Addiction comes from an inherited susceptibility to drug use and abuse.
What are three influences of drug use?
- Predisposing factors (susceptibility)
1. demographics and sociocultural influences
2. adolescence
3. heredity - Enabling influences (Facilitation)
1. availability and accessibility to drugs
2. inability to say no to experimentation - Reinforcing influences (encouragement)
1. experience of pleasure
2. social and peer-group pressure
3. advertising
What are the 4 phases of alcoholism? short answer question
- The prealcoholic phase
- drinks first for social reasons
- stress reduction
- seeks out drinking occasions - The prodromal phase
- develops feelings of guilt about drinking
- lies about drinking
- drinking before joining others in drinking situations
- need for increased intake to produce desired effects
- physical dependency; will experience withdrawal symptoms - The crucial phase
- solitary drinking
- avoidance of family and friends
- increase in memory blackouts
- reverse tolerance develops due to liver damage
- may have cirrhosis - The chronic phase
- develops after a number of years of excessive intake
- drinking bouts last for several days at a time
- person is drunk on important occasions
- institutionalisation or death may occur due to complications
Absorption of alcohol:
passes from stomach to small intestine for rapid absorption
-rate is affected by stomach content
Enzymes involved in oxidising alcohol:
Alcohol dehydrogenase - converts alcohol to acetaldehyde
Acetaldehyde dehydrogenase - converts acetaldehyde to acetic acid
Further oxidation yields carbon dioxide, water, and energy
Alcohol tolerance:
chronic use increases alcohol dehydrogenase and P450 liver enzymes causing a reduction in blood alcohol levels
3 phases of alcohol withdrawal:
- Phase 1
- onset a few hours after drinking has stopped; shakes, headache, agitation
- Phase 2
- onset within 24 hours of drinking cessation; seizures
- Phase 3
- onset after 30+ hours of drinking cessation; may last 3-4 days; referred to as delirium tremens; severe agitation, hallucinations
Acute effects of alcohol:
- inhibits ADH
- reduces amount of fat in the body that is oxidised
- suppresses REM sleep
- impairs memory
Physical consequences to alcoholism:
- fatty liver-fat accumulation that is reversible with abstinence
- alcohol hepatitis-inflammation and death of liver cells; reversible with abstinence
- cirrhosis-cell death and formation of scar tissue
Fetal alcohol syndrome:
- small eyes
- underdeveloped midface
- small head circumference
- low to severe impairments of intellectual functioning
Alcohol’s effects on glutamate and dopamine:
- inhibits glutamate
- increases dopaminergic transmission in mesolimbic pathway
Treatments available for alcoholics (short answer question):
- detoxification
- provision of medical care
- changing long-term behaviour so that destructive thinking patterns are discontinued (CBT)
- prescribing vitamins
- Alcoholics Anonymous
- Aversion therapy (antabuse)
- Anti-craving medication (Naltrexone)
- Tricyclic antidepressants
- Family therapy (relationships among family members may have contributed to destructive drinking)

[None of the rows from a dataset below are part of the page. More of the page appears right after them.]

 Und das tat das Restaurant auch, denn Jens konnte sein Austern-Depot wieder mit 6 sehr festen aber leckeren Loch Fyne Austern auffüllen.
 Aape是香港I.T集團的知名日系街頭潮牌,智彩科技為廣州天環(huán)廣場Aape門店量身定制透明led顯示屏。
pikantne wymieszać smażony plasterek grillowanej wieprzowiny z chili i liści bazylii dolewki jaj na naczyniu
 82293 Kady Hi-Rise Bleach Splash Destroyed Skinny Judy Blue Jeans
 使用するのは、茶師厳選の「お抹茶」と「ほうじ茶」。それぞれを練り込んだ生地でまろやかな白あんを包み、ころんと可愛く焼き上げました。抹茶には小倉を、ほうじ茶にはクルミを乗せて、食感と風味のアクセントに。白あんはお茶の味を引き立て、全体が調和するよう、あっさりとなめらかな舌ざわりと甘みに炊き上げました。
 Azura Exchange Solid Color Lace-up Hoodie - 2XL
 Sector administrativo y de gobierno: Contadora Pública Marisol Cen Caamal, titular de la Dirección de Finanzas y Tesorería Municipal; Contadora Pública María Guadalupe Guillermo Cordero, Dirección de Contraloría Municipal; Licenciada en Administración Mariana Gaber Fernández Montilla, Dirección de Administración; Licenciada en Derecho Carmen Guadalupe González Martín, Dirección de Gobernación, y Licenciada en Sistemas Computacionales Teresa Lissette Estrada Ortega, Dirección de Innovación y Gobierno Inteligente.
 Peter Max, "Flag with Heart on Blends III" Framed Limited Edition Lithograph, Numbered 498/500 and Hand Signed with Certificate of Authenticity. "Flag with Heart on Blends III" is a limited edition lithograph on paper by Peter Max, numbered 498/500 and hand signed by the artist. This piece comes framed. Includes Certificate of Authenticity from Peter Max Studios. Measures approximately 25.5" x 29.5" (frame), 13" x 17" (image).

How are opioids classified?
- natural substances (opium, morphine, codeine)
- semisynthetic narcotics (heroin)
- synthetic products (Demerol)
- endogenous opioids (endorphins)
Opiate drugs are absorbed:
- GI tract
- nasal mucosa and lungs
- intramuscularly and subcutaneously
- intravenously
Heroin and the blood brain barrier:
passes more readily than morphine
once in brain it is converted to morphine
Three types of opioids:
- full agonist
- partial agonist
- antagonist
Opioid full agonist:
morphine-like effect (heroin, oxycontin, methadone)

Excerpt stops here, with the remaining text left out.